Дорте нечем было ответить, она только трясла головой, чтобы показать, что слышит каждое слово.

— Конечно, вернешься! Ты получила свой паспорт?

— Да, но что толку? Денег на билет у меня все равно нет. Кто его принес?

— Мой знакомый. Но тебя это не касается. Ты его получила, и это главное. Ты с ним разговаривала?


— Конверт лежал в почтовом ящике. Твой знакомый работает на Тома? — Дорте пыталась проглотить кусочек хлеба.

— Не спрашивай!

— Это Том дал ему мой паспорт?

— Я же тебе сказала: не спрашивай! Объясни лучше, почему у тебя все так вышло? Ты делала все как я сказала?

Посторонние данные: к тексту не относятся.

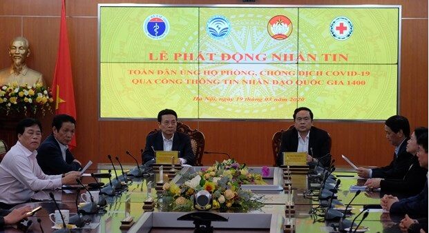 Chiều 19/3, tại Hà Nội, Bộ Thông tin và Truyền thông cùng Ủy ban Trung ương Mặt trận Tổ quốc Việt Nam đã tổ chức lễ phát động việc nhắn tin ủng hộ phòng, chống dịch bệnh COVID-19. Chương trình vận động “Toàn dân ủng hộ phòng, chống dịch bệnh COVID-19” sẽ được thực hiện thông qua Cổng thông tin Nhân đạo Quốc gia (1400). Đây là hoạt động nhằm hỗ trợ đồng bào cả nước, góp phần hạn chế những nguy cơ ảnh hưởng trực tiếp của dịch bệnh COVID-19 đến tính mạng, sức khoẻ, đời sống của người dân, thiệt hại kinh tế cũng như trật tự, an toàn xã hội.

— Не знаю… Я встретила одного человека, он был рыжий и очень добрый. И еще одного, которого зовут Артур, он хочет, чтобы я приехала к нему в Осло. Обещал мне работу в закусочной. Но его телефон не отвечает. Я пыталась получить работу в кафе, но там были только морковные оладьи, — сказала Дорте и вытерла глаза.

— Все, хватит! Высморкайся! — Лара грустно на нее посмотрела. — Надо держаться до конца. Ты такая понятливая, такая… соблазнительная! Спорим, ты просто сидела и жалела себя вместо того, чтобы стиснуть зубы и искать выход. Думаешь, я выжила бы, если бы была такой же тряпкой, как ты? Даже смешно!

— Ты не все знаешь, Лара! Как ты не можешь понять? Мне с этим не справиться. — Дорте положила надкушенный бутерброд на тарелку и рукой вытерла под носом.

— Справишься — не справишься, кому какое до этого дело? Всем приходится платить за еду, за жилье. Многие люди ненавидят свою работу, своего начальника… все на свете! Но у них есть воля идти вперед! Понимаешь? Такие и мы с тобой! Ты и я, Дорте, мы идем вперед. Мы с тобой не будем гнить в реке. Слышишь! — Лара стала жевать еще энергичнее.

— Как ты съездила? — спросила Дорте, чтобы положить конец этому разговору, и сделала большой глоток из кружки. Чай имел вкус меда и лимона. Он был как Лара. Крепкий, сладкий и в то же время горьковатый. Надежный, на него можно было положиться…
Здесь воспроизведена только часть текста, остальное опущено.